An exercise to help build the right mental model for Python data.

The “Solution” link visualizes execution and reveals what’s actually happening using 𝗺𝗲𝗺𝗼𝗿𝘆_𝗴𝗿𝗮𝗽𝗵: https://github.com/bterwijn/memory_graph

  • JATothrim_v2@programming.dev
    link
    fedilink
    arrow-up
    6
    ·
    19 hours ago

    For immutable types it is the same though.

    The most twisted thing I learned is that all ints below a fixed limit share the same id() result, so

    >>> x = 1
    >>> id(x)
    135993914337648
    >>> y = 1
    >>> id(y)
    135993914337648
    

    But then suddenly:

    >>> x = 1000000
    >>> id(x)
    135993893250992
    >>> y = 1000000
    >>> id(y)
    135993893251056
    

    Using id() as a key in dict() may get you into trouble.

    • AckPhttt@beehaw.org
      link
      fedilink
      arrow-up
      1
      ·
      9 hours ago

      Using id() as a key in dict() may get you into trouble.

      IMO, using id() as a key would never be a good idea under any circumstance.

      Two different (and even unequal) objects can have the same id():

      >>> x = [1]
      >>> id(x)
      4527263424
      >>> del x
      >>> x = [2]
      >>> id(x)
      4527263424
      >>> del x
      >>> y = [3]
      >>> id(y)
      4527263424
      

      Note - a dictionary lookup already looks up the key by id() first as a shortcut (under-the-hood), so there’s no need to try doing this as an optimization.

      Edit: in case it wasn’t clear above, the object with the same id()s don’t all exist at the same time; but if you store their ids as a key, you’d have to ensure the object lifetimes are identical to be sure the ids could identify the same stored value. The dictionary does this for you when you use the key object, but it’s not automatic when using the id of the key.

      Other Note - Since you phrased it as “all ints below a fixed limit share the same id() result”, I’d suggest a better way to semantically think of it is that certain constant objects are pre-allocated, and thus are kinda like singletons. There is usually only one int(1) object, and the language keeps a pre-allocated pool of these common small ints (since they are used so often for indexing anyway).

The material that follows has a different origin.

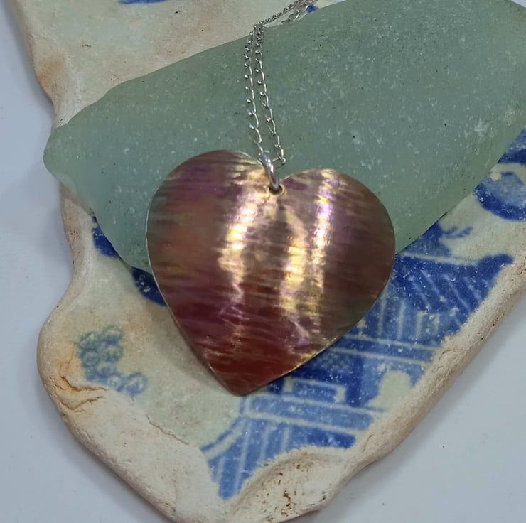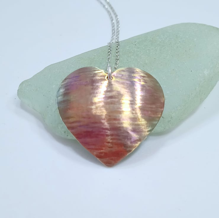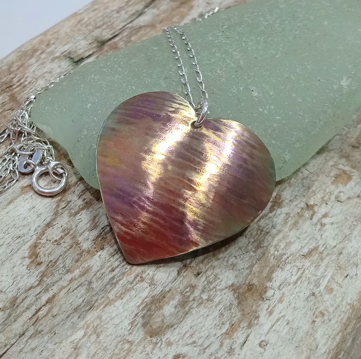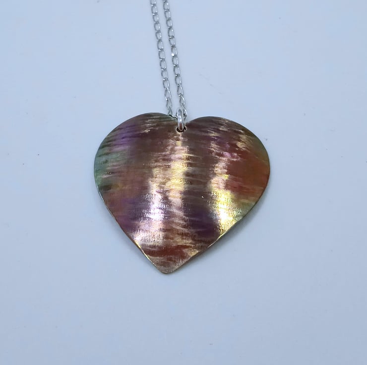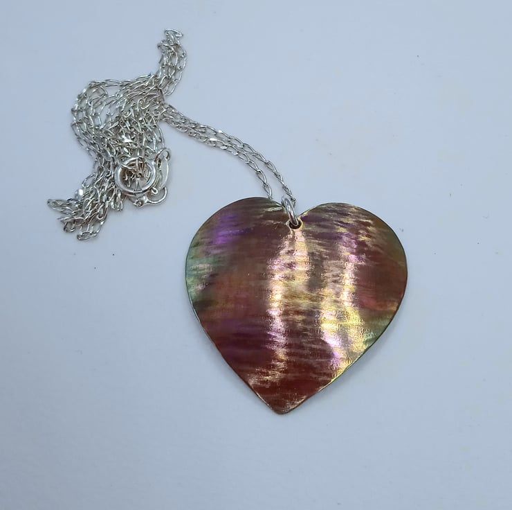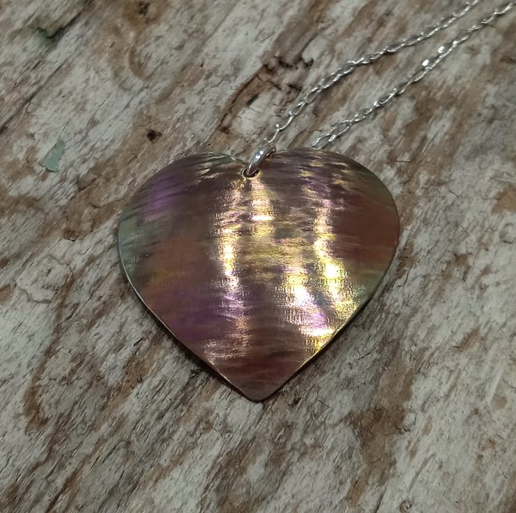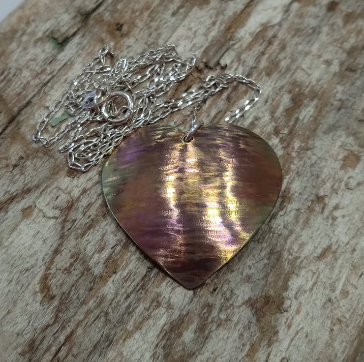 I have hand sawed the heart from titanium sheet and carefully filed and sanded it. I have then hammered it to apply texture before doming it to create an interesting shape then polishing and colouring via a two stage process.

      Similarly, many short string constants are ‘interned’ in a similar way; they aren’t pre-created at startup, but once they are created by the user declaring a string constant when the code is run, it saves memory to check and only keep one copy of those string objects, as the string constants can be checked at byte-compile time. But if you construct the string with code, it doesn’t bother to check all the strings to see if there exists an identical one. So for example:

      >>> x = 'ab'
      >>> y = 'ab'
      >>> id(x) == id(y)
      True
      >>> s = 'a'
      >>> s = s + 'b'
      >>> id(s) == id(x)
      False
      >>> s == x == y
      True
      

      But you can force it to make this check; it’s something they made more tedious to do in Python3 since it’s really an implementation detail:

      >>> import sys
      >>> s = sys.intern(s)
      >>> id(s) == id(x)
      True
      

      Sorry for the verbose reply; hope it helped.